Football / Fan's View
‘John-Joe O’Toole: still on my list’
I’m really trying very hard not to say the same things every week. There’s nothing worse, in any walk of life, than a broken record; someone who keeps banging the same drum.
But this is especially annoying in football – from the cliche-ridden TV pundit, to the one-eyed terrace bore, screeching at lung-busting volume how every tackle on his team’s players is a foul.
Any time the ball his an opponent north of their ankle is cause for a shout of “handball”, and he’s got a conspiracy theory about men in grey suits meeting up at the League’s HQ to cook up some scheme to keep HIS team down.
is needed now More than ever
There’s no other way on this earth that you can explain a football team having a bad year or a referee making an incorrect decision by mistake.
So, apologies in advance for repeating myself. But there are recurring themes threaded through our season: tactical tinkering, starting slowly, reverting back to 4-4-2, getting back into the game, and more often than not, getting something out of it.
Saturday was a fine example; 1-0 down at Fortress Sixfields, where no away side has taken 3 points from since David Bowie was still on this mortal coil, looking very much second best.
Then, Sir Darrell makes the required change of formation, and, hey presto, an equaliser. Then we’re ahead. And we end up winning it at the death, ending a run that lasted more than four times longer than Sam Allardyce’s England reign.
I don’t mind if the dubious goals panel (what a job that is by the way!) award Rory Gaffney the first goal or whether they put it down as a John-Joe O’Toole own goal. The big, quick-footed Irishman will take confidence from his performance either way, while his countryman with the abysmal haircut certainly owed us a favour after his missed sitter in THAT game at home to Mansfield two years back.
I know, I should be over it, Rovers are stronger than ever, O’Toole wasn’t that bad for us, it wasn’t his fault we were terrible, etc. I know. But football fans don’t always think rationally. He’s on my list.
Every football fan has a mental list of players they’ll never, ever forgive for something or other. In the week before our club stared into the black hole of non-league football, Captain Hairband here decides to brag to a presumably hysterical interviewer about how he’s capable of playing in the Premier League.

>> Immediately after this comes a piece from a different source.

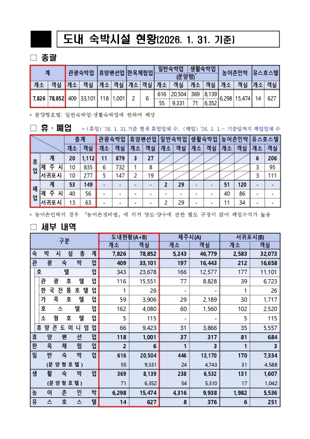 도내 숙박업소(등록) 현황(2026년 1월말 기준) 입니다.
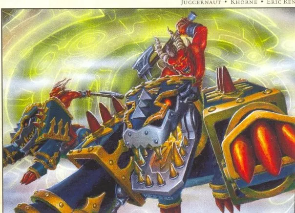 Самые приближенные чемпионы Кхорна едут верхом на джаггернаутах. Земля дрожит, когда джаггернаут устремляется в атаку, и немногие смогут устоять, когда в отряд врезается, сминая ряды, страшный воин верхом на таком коне.

And then he misses a chance that even one of those wooden cutout footballers used in free kick practice could’ve put away. Just stand still, head the ball straight, hey presto. Relegation avoided.
Perhaps I should be perversely grateful, after all. If the Back to the Future films teach us anything it’s that even changing one event from the past can have devastating knock-on effects.
Say we stayed up – would we be where we are now? Would the previous custodians of the club had rightly tightened their purse strings like they did post-relegation, or would the debts have continued racking up? Would Darrell have been given the time he was afforded to reshape the squad, or would the club have expected him to turn a bunch of failures into League Two promotion candidates straight away?
You never can tell. Maybe relegation was the wake up call Bristol Rovers needed, on and off the field. But O’Toole is still on my list, the horrible git.
Sorry, rant over. The other two goals were a bit of alright too weren’t they? Charlie Colkett, who got the winner, looks the full package – one who might, just might, buck the trend of recent English Chelsea youngsters and actually wear a 1st team shirt for the blues one day. Maybe, just, maybe, he’ll wear the Three Lions of England someday – he’s worn it at all levels up to Under-20.
Speaking of the near-constant embarrassment that is our dear old national side, international call-ups mean Rovers have a weekend off. I plan to spend it jabbing pins in my John-Joe O’Toole voodoo doll. Okay, it’s not a voodoo doll. It’s a scarecrow.